I’m not surprised that a Southern gentleman politician would desire the throwback days of the 1950s. After 40 years of law practice, 20 years ago my wife and I moved to Naples, Florida, for just that reason. We’ve never regretted it. It’s a shame the rest of the world can’t live as we do—unlocked doors and the car keys hanging over the visor.

Great article. He’s a complicated man with major responsibilities and looking for simple solutions. That’s one tall order! Good luck.

Harvey T. Siegel
Bonita Springs, Florida


man with diagram over face


face time or waste time?

The use of facial recognition software described in “Face Time,” October, may seem like an efficient method of detecting criminals; however, the ABA Journal references Alvaro Bedoya’s finding about facial recognition software inaccuracies.

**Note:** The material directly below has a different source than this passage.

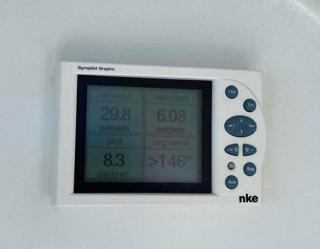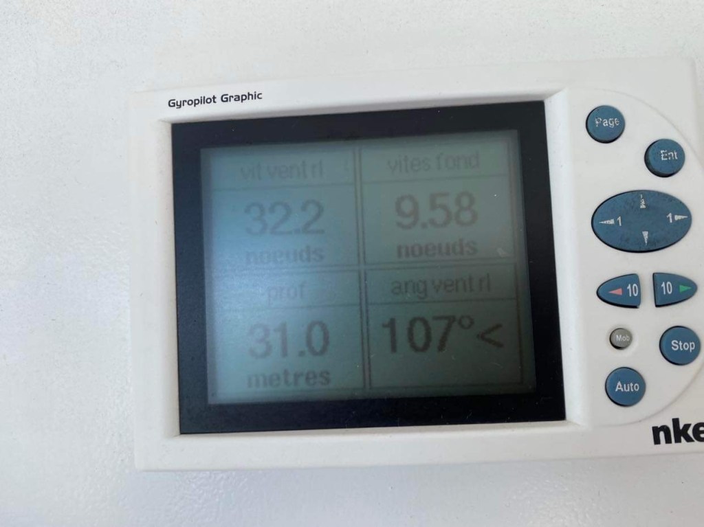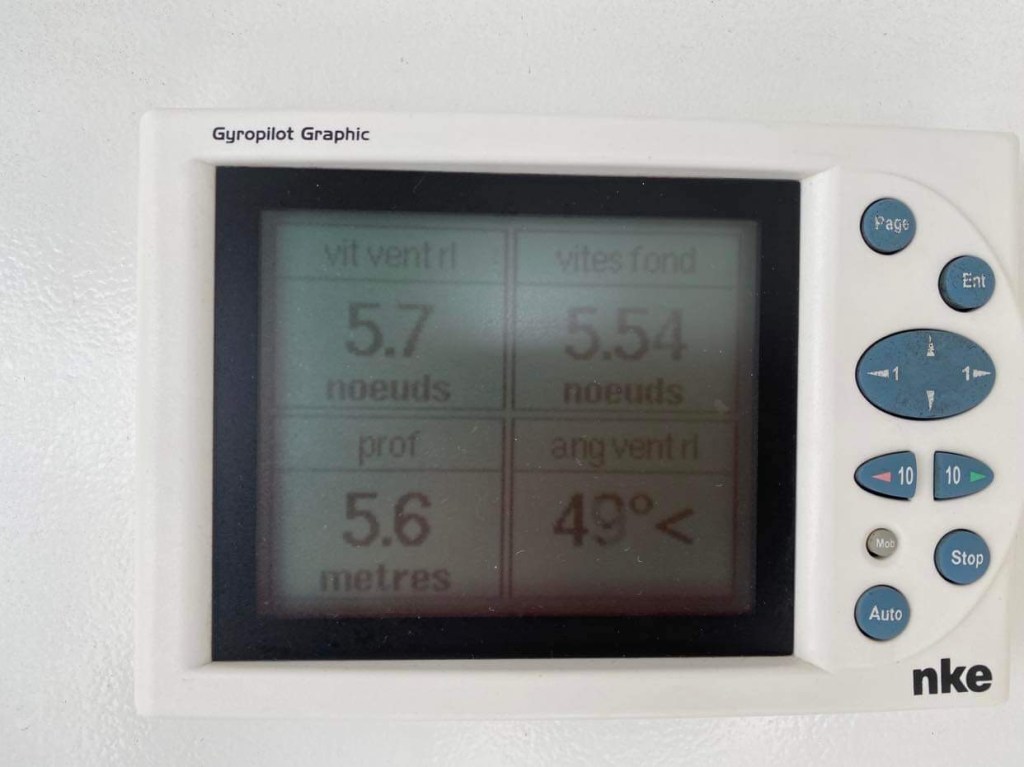 Pourvu que ça dure, mon souhait est exaucé puisque ça monte même à 14/15 avec des pointes à 17/18, on avance à plus de 7, pointes à plus de 8, sur une mer à peine houleuse, parfait, si seulement c’était tout le temps pareil.

Facial recognition software is not always accurate and may lead to more events of incorrect identification of suspects. Inaccurate and incorrect results waste police resources and jeopardize innocent citizens. While police are questioning innocent people, the real perpetrator has plenty of time to make his or her escape or commit additional crimes. This inaccuracy of facial recognition systems may invade the rights of innocent citizens. The proposal to take photographs and bank them in case a crime is committed means innocent people are now available as potential suspects and increases the possibility of incorrect identifications. Instead, we should allocate resources to proven methods of correctly identifying criminals. With the increase in technology regarding DNA testing or fingerprinting, there should be more concrete ways to identify suspects in crimes.